In summary, the complexity and diversity of cancer-related impairments necessitate tailored wearable solutions. Current advances in wearable bioelectronics for laryngeal and tongue cancer rehabilitation demonstrate how multimodal sensing and machine learning can support partial restoration of lost functions. The development of cancer-specific wearable interventions could play a key role in personalized and high-quality postoperative care, bridging wearable healthcare closer to the ideal of individualized medicine.
Conclusion and perspective
Wearable bioelectronics facilitate development in the whole loop of cancer theranostics, including early diagnosis, on-patient treatment, and recovery support. They have demonstrated notable advantages in the combination of molecular, cellular and anatomical information for monitoring the cancer progression. However, several challenges should be addressed before their successful translation to the clinical market (Fig. 9).

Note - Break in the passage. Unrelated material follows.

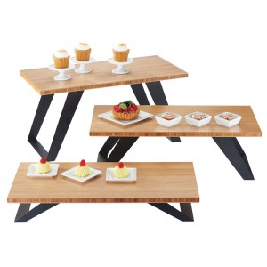 Take your presentations to the next level with the Bamboo Stair-Step Risers, available in heights of 12", 8", and 4". Their environmentally friendly and elegant bamboo tops pair beautifully with the black metal, giving it a contemporary look!

Reprinted from ref. 27. with permission
Device sensitivity and continuity
The development of highly sensitive detection systems remains paramount for improving diagnostic reliability. Sensitive materials and novel recognition elements are promising signal enhancement techniques for improving the detection limit of the sensor. Continuous monitoring is also essential because of the high spatial and temporal heterogeneity of tumors during the treatment cycle. This requires the implementation of stable sensing platforms with extended operational lifetimes, achieved through optimized interfacial contact mechanics and biocompatible material to reduce inflammatory reactions in long-term wear. Power management represents another key consideration for long-term monitoring. The development of lower energy consumption devices, higher energy density batteries and active energy harvesting methods are recommended. Ultimately, multimodal sensors are crucial methods to enhance both sensitivity and continuity. By integrating sensors targeting multiple tumor biomarkers, they can improve diagnostic accuracy and precision, while they can perform timely calibration to reduce the impact of environmental factors by combining both physical and chemical sensors.
Standardized fabrication
Cost-effective manufacturing methods are key elements for making multifunctional wearable bioelectronics accessible for economically disadvantaged patients. For manufacturers, to reduce the process complexity and manufacturing difficulty, all-in-one fabrication solutions, including roll-to-roll processing194, printing methods122 and laser patterning195, are also advocated, which facilitates the commercialization of wearable bioelectronics.
Clinical validation
Successful clinical translation requires rigorous validation of device performance in human populations. Comprehensive biocompatibility assessments must address both material components and energy delivery parameters. For instance, while traditional metallic microneedle arrays may present toxicity concerns, polymeric alternatives offer improved safety profiles without compromising mechanical integrity196. Similarly, stimulation parameters must be carefully optimized to prevent tissue damage. The implementation of robust data governance frameworks is equally important to ensure patient privacy and ethical data handling throughout continuous monitoring processes. Furthermore, device functionality should be tailored to specific clinical contexts, such as incorporating respiratory and swallowing function assessment in laryngeal cancer rehabilitation. The development of disease types is important. Current research mainly focuses on superficial cancers, while the development of deep cancers places higher demands on the penetration capabilities of devices. Although advanced actuators have been developed, devices that combine penetration depth, targeting ability and biosafety are still scarce.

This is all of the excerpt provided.